**YOUR GOAL:** Beginning with the first line below, retype exactly each line through the one containing "This adorable ranch". Leave out all pictures.

**EXERCISE DATA:**
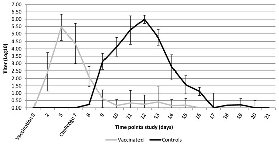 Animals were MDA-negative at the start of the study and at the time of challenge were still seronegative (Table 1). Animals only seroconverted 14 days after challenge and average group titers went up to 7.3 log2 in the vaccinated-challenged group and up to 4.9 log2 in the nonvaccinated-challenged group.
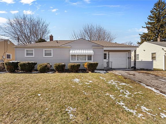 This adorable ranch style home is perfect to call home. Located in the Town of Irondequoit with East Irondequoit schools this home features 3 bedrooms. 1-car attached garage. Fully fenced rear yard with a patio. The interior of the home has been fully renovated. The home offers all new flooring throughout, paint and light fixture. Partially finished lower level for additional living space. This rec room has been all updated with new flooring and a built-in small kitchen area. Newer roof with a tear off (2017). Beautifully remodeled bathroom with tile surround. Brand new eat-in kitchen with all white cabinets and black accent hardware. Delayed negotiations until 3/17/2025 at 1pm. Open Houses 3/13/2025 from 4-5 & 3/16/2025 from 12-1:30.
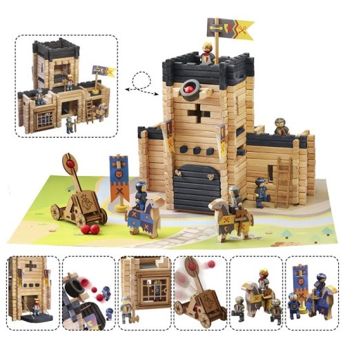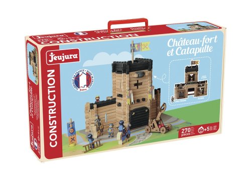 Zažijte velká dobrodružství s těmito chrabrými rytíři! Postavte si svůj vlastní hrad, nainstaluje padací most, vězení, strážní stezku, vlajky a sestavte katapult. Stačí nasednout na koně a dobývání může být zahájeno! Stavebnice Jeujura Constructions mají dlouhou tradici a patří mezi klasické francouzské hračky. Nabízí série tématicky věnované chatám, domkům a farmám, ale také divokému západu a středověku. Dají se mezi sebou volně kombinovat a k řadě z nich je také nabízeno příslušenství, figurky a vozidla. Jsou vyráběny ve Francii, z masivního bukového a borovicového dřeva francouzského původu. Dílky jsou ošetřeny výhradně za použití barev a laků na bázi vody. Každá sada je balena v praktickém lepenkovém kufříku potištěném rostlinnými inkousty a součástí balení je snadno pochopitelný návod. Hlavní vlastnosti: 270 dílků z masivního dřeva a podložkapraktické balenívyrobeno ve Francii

**TASK ANSWER:**
 Animals were MDA-negative at the start of the study and at the time of challenge were still seronegative (Table 1). Animals only seroconverted 14 days after challenge and average group titers went up to 7.3 log2 in the vaccinated-challenged group and up to 4.9 log2 in the nonvaccinated-challenged group.
 This adorable ranch style home is perfect to call home. Located in the Town of Irondequoit with East Irondequoit schools this home features 3 bedrooms. 1-car attached garage. Fully fenced rear yard with a patio. The interior of the home has been fully renovated. The home offers all new flooring throughout, paint and light fixture. Partially finished lower level for additional living space. This rec room has been all updated with new flooring and a built-in small kitchen area. Newer roof with a tear off (2017). Beautifully remodeled bathroom with tile surround. Brand new eat-in kitchen with all white cabinets and black accent hardware. Delayed negotiations until 3/17/2025 at 1pm. Open Houses 3/13/2025 from 4-5 & 3/16/2025 from 12-1:30.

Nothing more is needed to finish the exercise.